Я сразу почувствовал, что он прав, разницы не было бы никакой, – он искал не облегчения; кажется, я смутно понимал: то, чего он искал, то, чего он ждал, не так-то легко поддавалось определению; пожалуй, он ждал какого-то благоприятного случая. Я дал ему немало таких случаев, но они сводились лишь к возможности зарабатывать себе на пропитание. А что же еще можно было сделать? Положение казалось мне безнадежным, и вспомнились слова бедного Брайерли: «Пусть он зароется на двадцать футов в землю и там остается». «Лучше это, – думал я, – чем ожидание невозможного на земле». Однако даже и в этом нельзя было быть уверенным. Не успела его лодка отплыть от мола, как я уже принял решение пойти и посоветоваться вечером со Штейном.
Этот Штейн был богатым и пользующимся уважением торговцем. Его «фирма» (ибо то была фирма «Штейн и Ко» имелся и компаньон, который, по словам Штейна, ведал делами на Молуккских островах) вела торговлю с островами; немало торговых станций, собиравших продукты, было основано в самых заброшенных местечках. Его богатство и респектабельность не являлись, в сущности, причиной, которая побуждала меня искать у него совета. Я хотел поделиться с ним своими затруднениями, ибо он был достоин доверия больше, чем кто-либо из тех, кого я знал.
Мягким светом светилось его благодушное тонкое лицо, – лицо длинное, лишенное растительности, изборожденное глубокими морщинами и бледное, как у человека, который всегда вел сидячий образ жизни; его жидкие волосы были зачесаны назад, открывая массивный высокий лоб. Казалось, в двадцать лет он должен был выглядеть почти так же, как выглядел теперь в шестьдесят. То было лицо ученого; лишь брови, почти совсем белые, густые и косматые, да твердый проницательный взгляд не гармонировали – если можно так выразиться – с его ученым видом. Он был высокий и расхлябанный; привычка слегка горбиться и наивная улыбка придавали ему такой вид, словно он всегда готов благосклонно вас выслушать; руки у него были длинные, с большими бледными кистями; он жестикулировал редко, словно на что-то указывая.
Я останавливаюсь на нем так долго, ибо этот прямой и снисходительный человек с наружностью ученого отличался неустрашимым духом и большой личной храбростью. Такая храбрость совершенно бессознательна, и ее можно было бы назвать безрассудством, если бы она не была свойственна человеку подобно естественной функции организма – хорошему пищеварению, например.
Говорят иногда, что человек держит жизнь в своих руках. Такая поговорка к нему не применима, в течение раннего периода жизни на Востоке он играл в мяч со своей судьбой.
Все это было в прошлом, но я знал историю его жизни и происхождение его богатства. Он был также и натуралистом, пользовавшимся некоторой известностью, – или, вернее, ученым-коллекционером.

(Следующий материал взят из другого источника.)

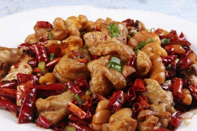 4.净锅下油烧热,下浸辣椒煸香,再放入肥肠,调味翻匀即可。

Его коллекция жуков, отвратительных маленьких чудовищ, которые казались злобными даже теперь – мертвые и неподвижные, – и коллекция бабочек, красивых и безжизненных под стеклами ящиков, завоевали себе широкую известность. Имя этого торговца, искателя приключений и советника одного малайского султана (его он называл не иначе как «мой бедный Мохаммед Бонзо»), стало известно ученым Европы благодаря нескольким бушелям собранных им насекомых. Но европейские ученые понятия не имели о его жизни и характере, да это их и не интересовало. Я же, зная его, считал, что с ним, больше чем с кем бы то ни было другим, можно поделиться затруднениями Джима, равно как и моими собственными.